With this modular design, it is easier to create in the future GPUs with less and less Shader Processors and cover all mainstream and entry level markets.
In Polymorph Engines that we can see in the diagram we can see the five stages:
These stages process the information from each Streaming Multiprocessor they are associated with. The data will then get to the Raster Engine which has 3-pipeline stages, that pass data from current to the next.
In conclusion, we can find a total of 16 Polymorph Engines and 4 Raster Engines, one for each GPC.
The latest GPUs from Nvidia fully support DirectX11 instructions which include GPGPU (DirectCompute 11), tessellation and improved multi-threading; they also come with Shader Model 5, better shadows and HDR texture compression.
Tesselation, as described on the Unigine website, is a “scalable technology aimed for automatic subdivision of polygons into smaller and finer pieces, so that developers can gain a more detailed look of their games almost free of charge in terms of performance.
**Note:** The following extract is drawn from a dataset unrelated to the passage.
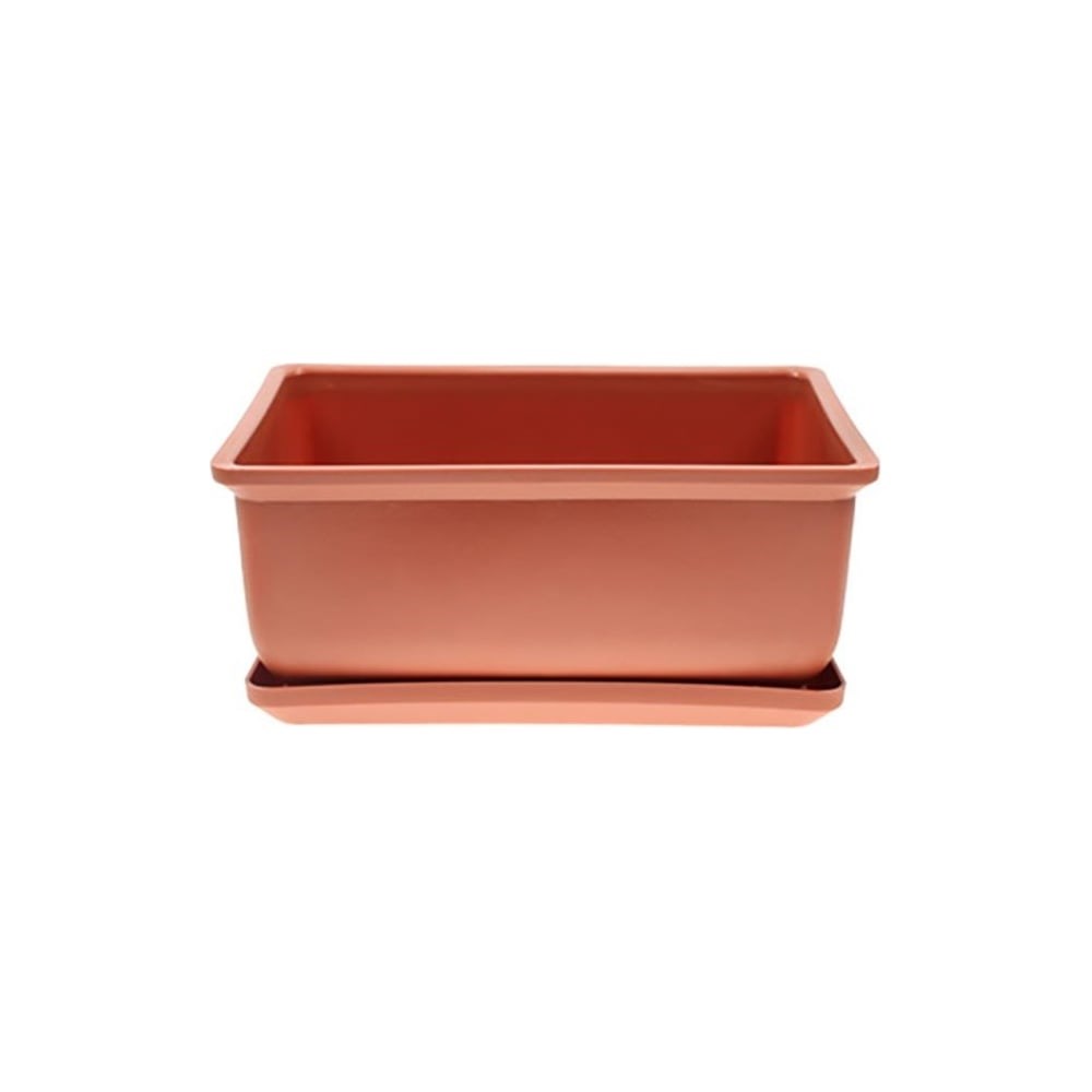 Кашпо с поддоном ФлораПласт Бонсайница 15х10х6 см, терракотовое, 0.75 л 000918 предназначено для выращивания различных декоративных культур. Изделие имеет прямоугольную форму, что позволяет разместить его на узких подоконниках и полках. Кашпо выполнено из прочного пластика, устойчивого к воздействию внешней среды, благодаря чему подойдет для размещения внутри и вне помещения.

Thanks to this procedure, the elaboration of the rendered image finally approaches the boundary of veridical visual perception: the virtual reality is vivified at your fingertips delivering engaging gaming experience.”
Here is a modeled house inside the Unigine Heaven benchmark, without and with the tessellation feature enabled:
The multi-threaded rendering is similar to the techniques applied for the current CPUs. If a shader or an instruction has to be queued up, the process creates a delay. The current GPUs can now process data completely threaded, which bring a better overall performance.
The DirectCompute feature allows access to the GPU for stream computing; it shares a range of computational interfaces with its competitors: OpenCL and CUDA.
3D Vision Surround and Nvidia Surround are the responses to ATI’s Eyefinity. Nvidia Surround allows the use of 3 separate monitors to be used in 3D applications, with an SLI setup. This feature is backwards compatible with GT200 and GF100 series and allows a maximum resolution of 2560x1600 per monitor. The 3D Vision Surround offers stereoscopic viewing when using 3 monitors at once. To use this feature we also need three 120Hz displays, same model and same make to ensure uniformity; the system must be very powerful, because it needs to process six high-res 1920x1080 images, two images for each 120Hz monitor.
About Nvidia PhysX
Delivering physics in games is no easy task. It's an extremely compute-intensive environment based on a unique set of physics algorithms that require tremendous amounts of simultaneous mathematical and logical calculations. This is where NVIDIA® PhysX™ Technology and GeForce® processors come in. NVIDIA PhysX is a powerful physics engine which enables real-time physics in leading edge PC and console games. PhysX software is widely adopted by over 150 games, is used by more than 10,000 registered users and is supported on Sony Playstation 3, Microsoft Xbox 360, Nintendo Wii and PC. In addition, PhysX is designed specifically for hardware acceleration by powerful processors with hundreds of cores. Combined with the tremendous parallel processing capability of the GPU, PhysX will provide an exponential increase in physics processing power and will take gaming to a new level delivering rich, immersive physical gaming environments with features such as:
* Explosions that cause dust and collateral debris * Characters with complex, jointed geometries for more life-like motion and interaction * Spectacular new weapons with incredible effects * Cloth that drapes and tears naturally * Dense smoke & fog that billow around objects in motion
The only way to get real physics with the scale, sophistication, fidelity and level of interactivity that dramatically alters your entertainment experience will be with one of the millions of NVIDIA PhysX-ready GeForce processors.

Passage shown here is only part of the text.